_AIM OF THE TASK:_ Pictures excluded, copy word for word the lines from the one holding "1990. Lithografie /" through the last line below.

_DATASET EXCERPT:_
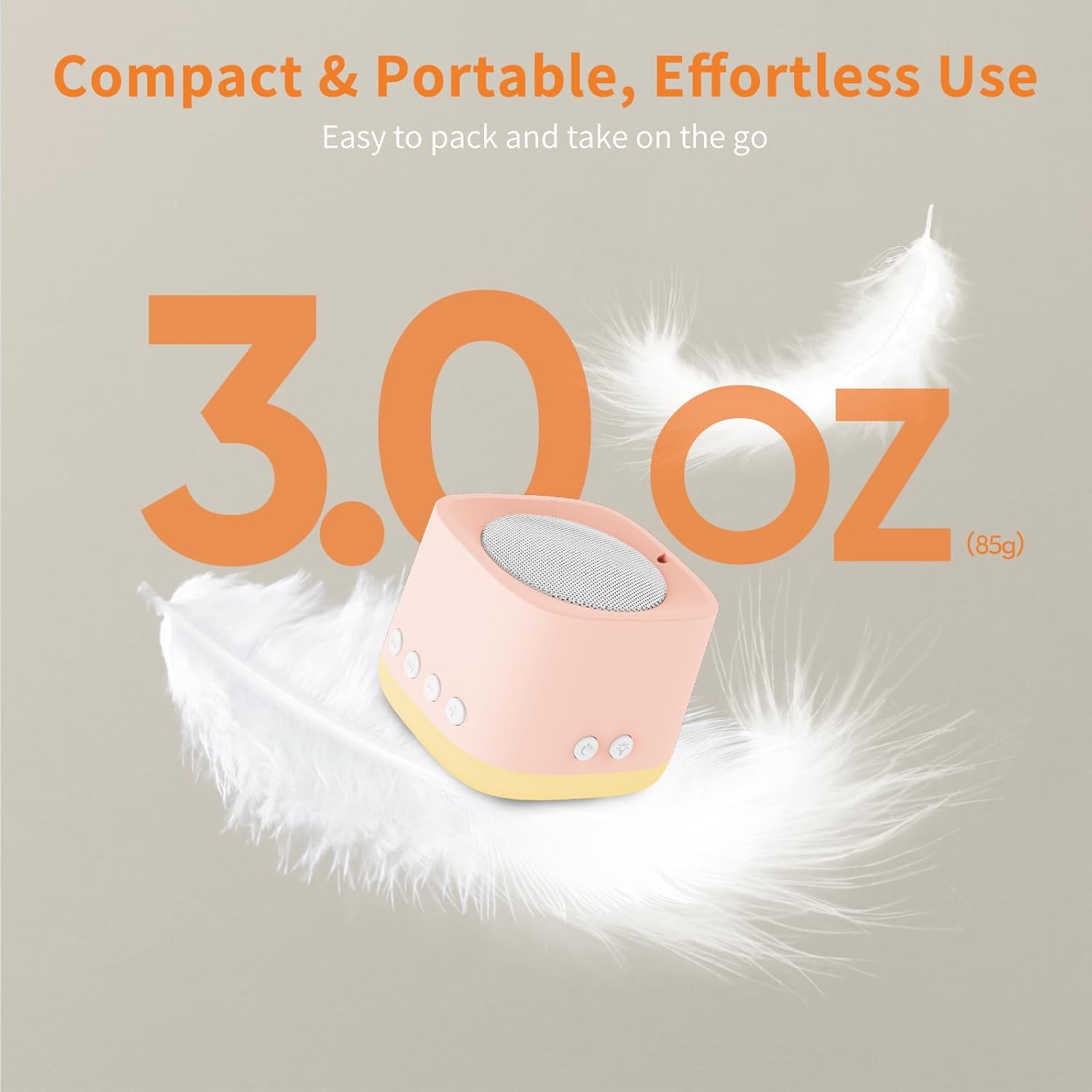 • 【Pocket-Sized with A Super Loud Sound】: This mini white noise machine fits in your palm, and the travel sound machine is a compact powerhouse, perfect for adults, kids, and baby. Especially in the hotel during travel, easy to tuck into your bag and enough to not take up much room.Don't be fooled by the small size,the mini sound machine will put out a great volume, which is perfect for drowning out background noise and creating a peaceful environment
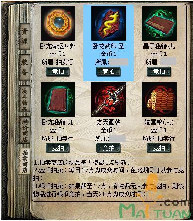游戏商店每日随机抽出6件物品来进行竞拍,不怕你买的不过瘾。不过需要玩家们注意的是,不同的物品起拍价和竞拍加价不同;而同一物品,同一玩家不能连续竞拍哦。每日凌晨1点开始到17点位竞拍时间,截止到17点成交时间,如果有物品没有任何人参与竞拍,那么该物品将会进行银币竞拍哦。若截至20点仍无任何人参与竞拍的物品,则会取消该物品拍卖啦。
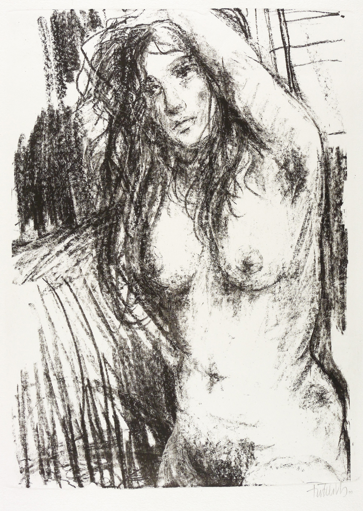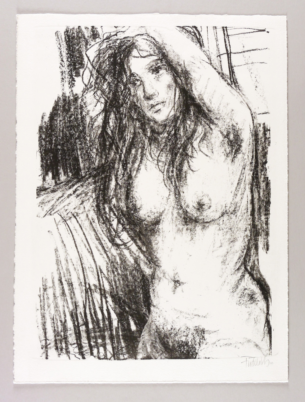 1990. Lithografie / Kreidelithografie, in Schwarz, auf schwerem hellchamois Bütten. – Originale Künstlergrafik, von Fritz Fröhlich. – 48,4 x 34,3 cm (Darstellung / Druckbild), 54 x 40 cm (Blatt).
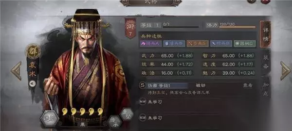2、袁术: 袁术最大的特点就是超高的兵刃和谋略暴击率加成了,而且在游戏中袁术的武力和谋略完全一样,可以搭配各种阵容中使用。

_EXERCISE ANSWER:_
 1990. Lithografie / Kreidelithografie, in Schwarz, auf schwerem hellchamois Bütten. – Originale Künstlergrafik, von Fritz Fröhlich. – 48,4 x 34,3 cm (Darstellung / Druckbild), 54 x 40 cm (Blatt).
2、袁术: 袁术最大的特点就是超高的兵刃和谋略暴击率加成了,而且在游戏中袁术的武力和谋略完全一样,可以搭配各种阵容中使用。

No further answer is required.